Fix: Fix tissue within 30 minutes of excision, maintain a 10:1 fixative ratio, and slice specimens to 3-4 mm thickness.

Recommended Equipment

These products anchor the paraffin H&E workflow from processing through sectioning, staining, and imaging.

Histology Paraffin Wax Dispenser

Histology

Precision wax melting and dispensing for embedding.

Request Quote

References

Fischer AH, Jacobson KA, Rose J, Zeller R. Hematoxylin and eosin staining of tissue and cell sections. CSH Protoc. 2008. PMID 21356829

Feldman AT, Wolfe D. Tissue processing and hematoxylin and eosin staining. Methods Mol Biol. 2014;1180:31-43. PMID 25015141

Cardiff RD, Miller CH, Munn RJ. Manual hematoxylin and eosin staining of mouse tissue sections. Cold Spring Harb Protoc. 2014. PMID 24890205

Frequently Asked Questions

What is the difference between progressive and regressive H&E staining?

Progressive staining (Mayer's hematoxylin) stains nuclei directly to the desired intensity without over-staining. Regressive staining (Harris hematoxylin) intentionally over-stains, then selectively removes excess with acid alcohol differentiation. Regressive is more common in diagnostic pathology because it produces crisper nuclear detail and better chromatin resolution.

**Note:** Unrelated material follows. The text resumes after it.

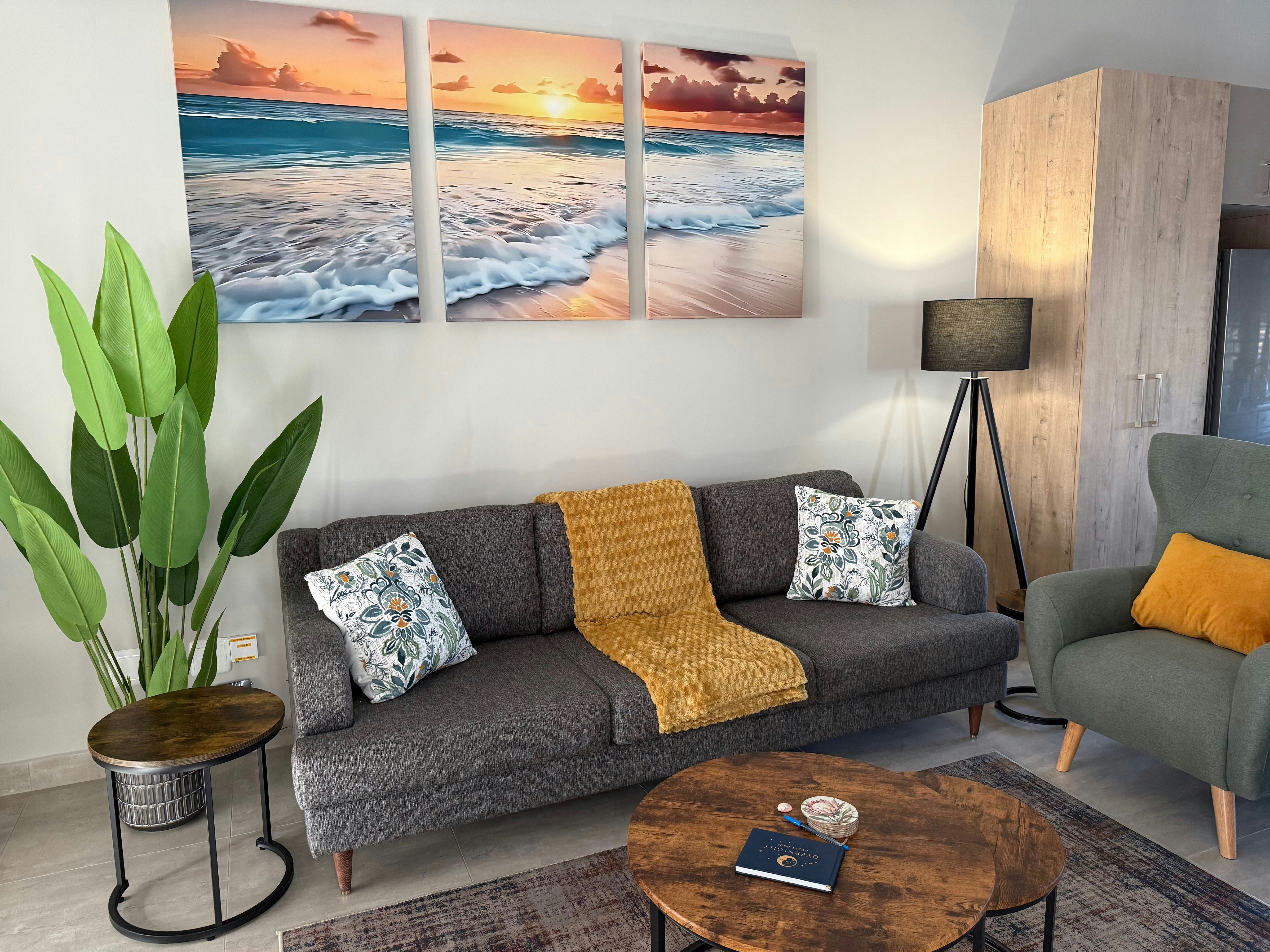 Hierdie woonstel op die derde verdieping bied slaapplek vir tot 4 volwassenes en 2 kinders en bestaan uit 2 slaapkamers, elk met sy eie en suite-badkamer. Die eerste slaapkamer is ingerig met 'n koningingrootte-bed en het 'n en suite-badkamer met 'n stort. Die tweede slaapkamer het 2 enkelbeddens, en die en suite-badkamer is toegerus met 'n stort bo die bad. Linne en badhanddoeke word voorsien, maar gaste moet hul eie strandhanddoeke saambring.

How thick should I cut paraffin sections for H&E?

Standard paraffin sections are 4-5 um. Brain tissue can go up to 8 um for neuroanatomy, while thinner 3-4 um sections provide sharper cellular detail but are harder to cut consistently.

What equipment do I need to set up a paraffin H&E workflow?

At minimum you need a tissue processor, embedding center, rotary microtome, tissue flotation water bath, staining setup, and a brightfield microscope. Higher-throughput labs often add an automated slide stainer and coverslipper.

How do I know when to replace my hematoxylin solution?

Replace hematoxylin when nuclear staining progressively weakens, the solution develops a reddish-brown tint, or an oxidized metallic sheen appears on the surface. Filtering helps, but exhausted solution should be replaced.

Why is fixation so important for H&E quality?

Fixation preserves tissue architecture before processing. Underfixation causes pale, inconsistent staining and nuclear artifacts that cannot be corrected later, while timely fixation keeps morphology stable through the rest of the workflow.